Class-5 telephone switch
A Class-5 telephone switch is a telephone switch or telephone exchange in the public switched telephone network located at the local telephone company's central office, directly serving subscribers. Class-5 switch services include basic dial-tone, calling features, and additional digital and data services to subscribers connected to a local loop.
Telephone switching hierarchy
In order to organize direct distance dialing (DDD) American Telephone & Telegraph divided the various switches in the U.S. public switched telephone network (PSTN) into an "office classification" hierarchy containing five levels (classes).
- Class-1 exchanges were international gateways, handing off and receiving traffic from outside the US and Canadian networks.
- Class-2 exchanges were tandem exchanges which interconnected regions of the AT&T network.
- Class-3 exchanges were tandem exchanges connecting major population centers within a particular region of the AT&T network.
- Class-4 exchanges were tandem exchanges connecting various areas of a city or towns in a region.
- Class-5 exchanges provide telephone line to subscribers.
In modern times, only the terms Class-4 and Class-5 are much used, as any tandem office is referred to as a Class 4 system. This change was prompted by changes in the power of switches and the relative cost of transmission, both of which tended to flatten the switch hierarchy.
Function
The fundamental difference between Class 5 and the other classes is that a Class-5 switch provides telephone service to customers, and as such is concerned with "subscriber type" activities: generation of dial-tone and other "comfort noises"; handling of network services such as advice of duration and charge etc. Specifically, a class-5 switch provides dial tone, local switching and access to the rest of the network. Class-4 switches do not provide subscriber lines, their role is to route calls between other switches.

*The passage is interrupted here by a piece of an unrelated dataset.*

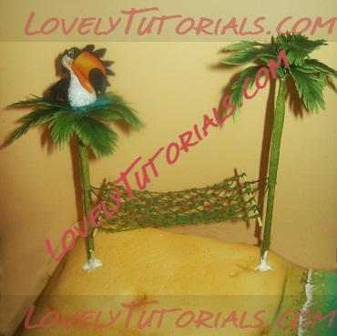 Раньше я делала пальмы почти по такому же принципу, за исключением того, что на ствол пальмы нанизывала лепешечки, и оставляла до полного высыхания мастики. В этот раз побоялась, что из-за тукана высушенные стволы не приклеятся к торту, решила обтянуть цветочной мастикой прямо на торте. Рассчитывала, на то, что цветочка хорошо прилипнет и быстро застынет на торте… и это было моей ошибкой! Пальмы никак не хотели крепиться к торту, их постоянно клонило в разные стороны. Ну, в следующий раз буду умней. Перед тем, как вставить шпажку с пальмой в торт, смазала айсингом, а правильно было б это сделать это шокоглазурью.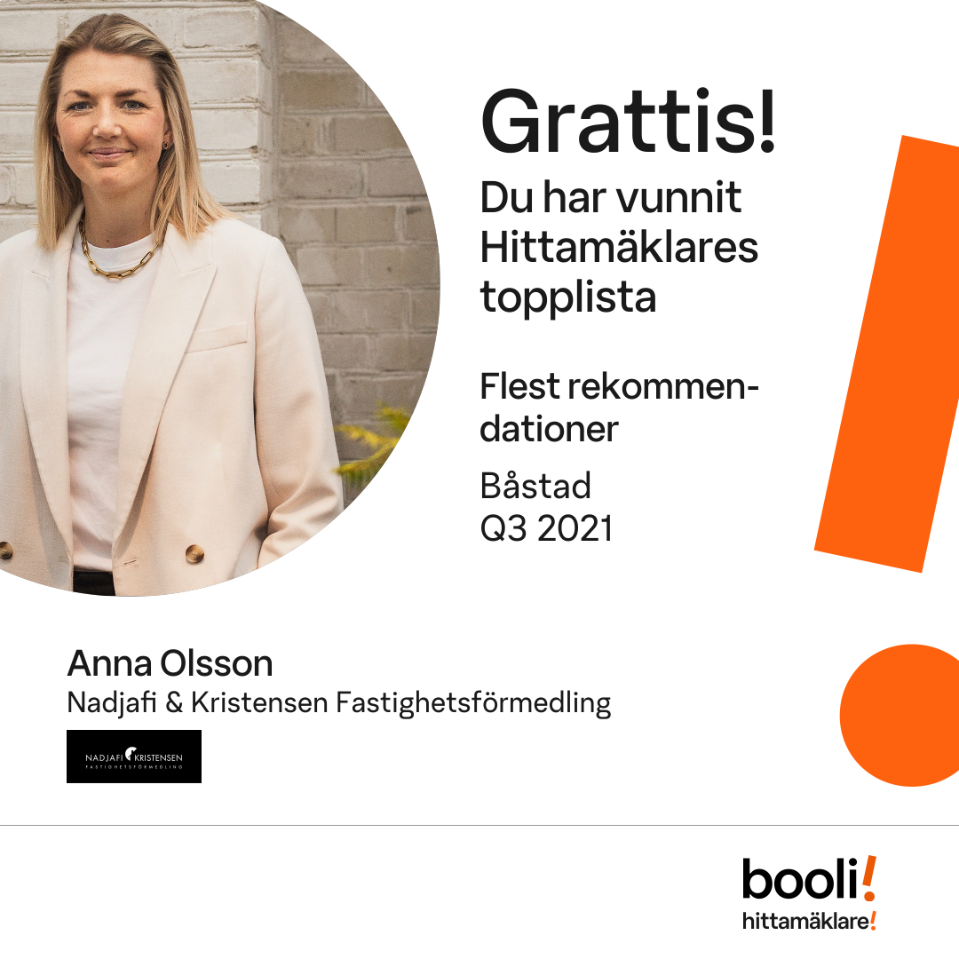 Statistik för publicerade bostäder, försäljningar och omdömen baseras på data från Booli och Hittamäklare. Statistiken för försäljningar avser inrapporterade och verifierade slutpriser från mäklare eller av Booli inhämtade och verifierade slutpriser. Statistiken för publicerade bostäder baseras på information som publicerats på Booli.se. Statistik för omdömen och rekommendationer baseras på omdömen från säljare som lämnats via Booli och Hittamäklare.

Typically a Class-5 switch serves an area of a city, an individual town, or several villages and could serve from several hundred to 100,000 subscribers.
Since the replacement of electromechanical exchanges by modern digital ones, the function of a Class-5 switch in rural areas is often performed by a remote switch or Remote Digital Terminal installed at the original switch site to handle local switching or concentration, respectively. The Class-5 switching infrastructure is then physically located in a larger population center. Urban areas with extensive underground plant tend to keep the classic Class-5 office architecture.
Hardware
When the office classification system for DDD was established, the principal designs in use for Class-5 in the US were Strowger-type step-by-step systems, Panel switches, and crossbar systems. 5XB crossbar switches were installed in large numbers in the 1950s and 60s, and 1ESS switches and variants starting in the 1960s. Most of these systems were removed in the late 20th century, primarily replaced in North America by DMS-10, DMS-100 and 5ESS switches in the Bell operating territories and the GTD-5 EAX in the GTE operating areas. Principal European products include Ericsson AXE telephone exchange, Siemens EWSD and Alcatel-Lucent S12 and E10.
By the turn of the century, US and European service providers continued to upgrade their networks, replacing older DMS-10, DMS-100, 5ESS, GTD-5 and EWSD switches with Voice over IP technology.